Downstream vertices reading from this task's output use the winner's outputLocationHint for shuffle (see shuffle-sort.md).


Reading exercise

# Surface
sed -n '1,120p' tez-dag/src/main/java/org/apache/tez/dag/app/dag/impl/TaskImpl.java

# State machine block
grep -n "addTransition" tez-dag/src/main/java/org/apache/tez/dag/app/dag/impl/TaskImpl.java | head -40

# Retry logic
grep -n "addAttempt\|nextAttemptNumber\|createAttempt" \
  tez-dag/src/main/java/org/apache/tez/dag/app/dag/impl/TaskImpl.java | head

# Speculation hook
grep -rn "T_ADD_SPEC_ATTEMPT" tez-dag/src/main/java/org/apache/tez/dag/app/ | head

Answer:

  1. What is the precise condition for transitioning from RUNNING to FAILED on a T_ATTEMPT_FAILED event? Cite the line.
  2. Where is a new TaskAttemptImpl constructed? Is it a public method or private to TaskImpl?
  3. How does TaskImpl know whether a failed attempt should count toward the failure budget?
  4. In what state can T_ADD_SPEC_ATTEMPT arrive? What does the handler do?
  5. Why does TaskImpl not own its own scheduling? Who does?
  6. When a task succeeds with two parallel attempts, which one becomes the downstream input?
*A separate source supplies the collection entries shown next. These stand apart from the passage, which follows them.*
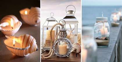 - на дно декоративной банки насыпается песок, в него вставляются приготовленные свечи, дно выкладывается ракушками.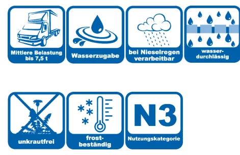 - Fläche nach 24 Stunden begehbar, nach 7 Tagen befahrbar (bei +20°C Temperatur und 65 % rLF)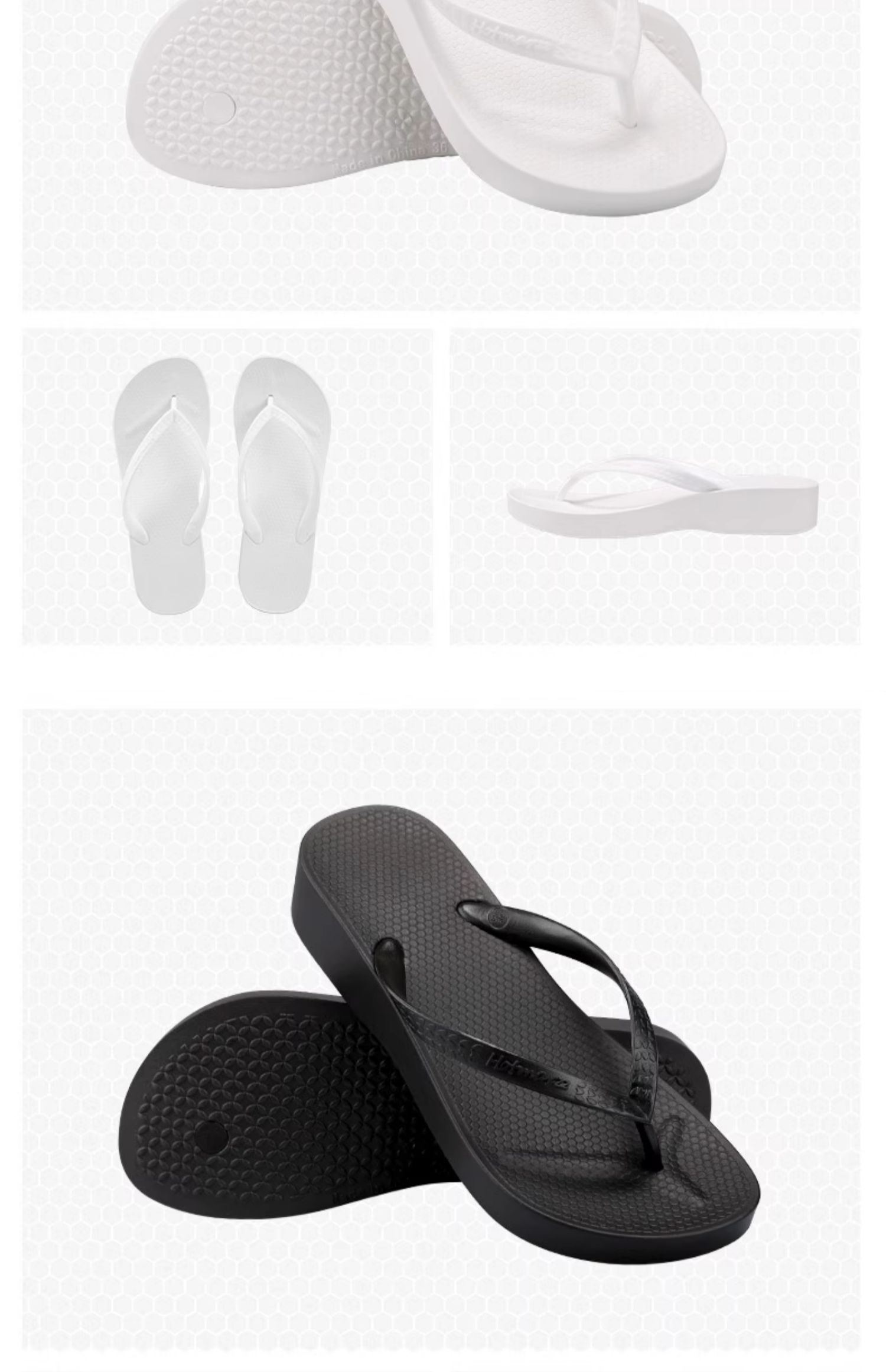 商品简介:拖鞋中的爱马仕,材质是Eva的,环保,无毒无害,这点就甩塑料拖鞋好几条街了吧!它增厚的鞋底,符合人体工学的盆地设计,贴合足部曲线,走路舒适不累脚,最重要的是漏水速干,不闷脚~

How is the loser cleaned up?

Common bugs and symptoms

SymptomRoot causeWhere to look
Task retries forever and never failsmax.failed.attempts set absurdly high; or all failures classified as "kill"Check config; verify TerminationCause for each failure
Speculation kills the original just after it succeeds (lost work)Race on markSuccessful and speculative-attempt killEnsure speculator backs off when task is in completing
Task SUCCEEDED but a sibling attempt still appears as RUNNING for a long timeContainer slow to acknowledge killLook at ContainerHeartbeatHandler and TA_KILL_REQUEST
Task succeeded reported but downstream cannot fetch outputsRace between TA_DONE and output ready eventCheck ordering of outputReady umbilical calls
Recovery brings task back as RUNNING even though it had finishedMissing TaskFinishedEvent in recovery logInvestigate RecoveryService flush boundaries

Validation: prove you understand this

  1. Draw the TaskImpl state machine from memory, including all six states.
  2. From TestTaskImpl, identify a test that drives a task to FAILED. Walk the events it sends.
  3. List the four TaskAttemptTerminationCause categories that do not count toward max.failed.attempts. Cite the enum and the consumer.
  4. Trace, line by line, what TaskImpl does when T_ATTEMPT_SUCCEEDED arrives for the second of two concurrent attempts.
  5. Modify TaskImpl to log the winner's attempt number explicitly at the INFO level. Run a MiniTezCluster job and observe.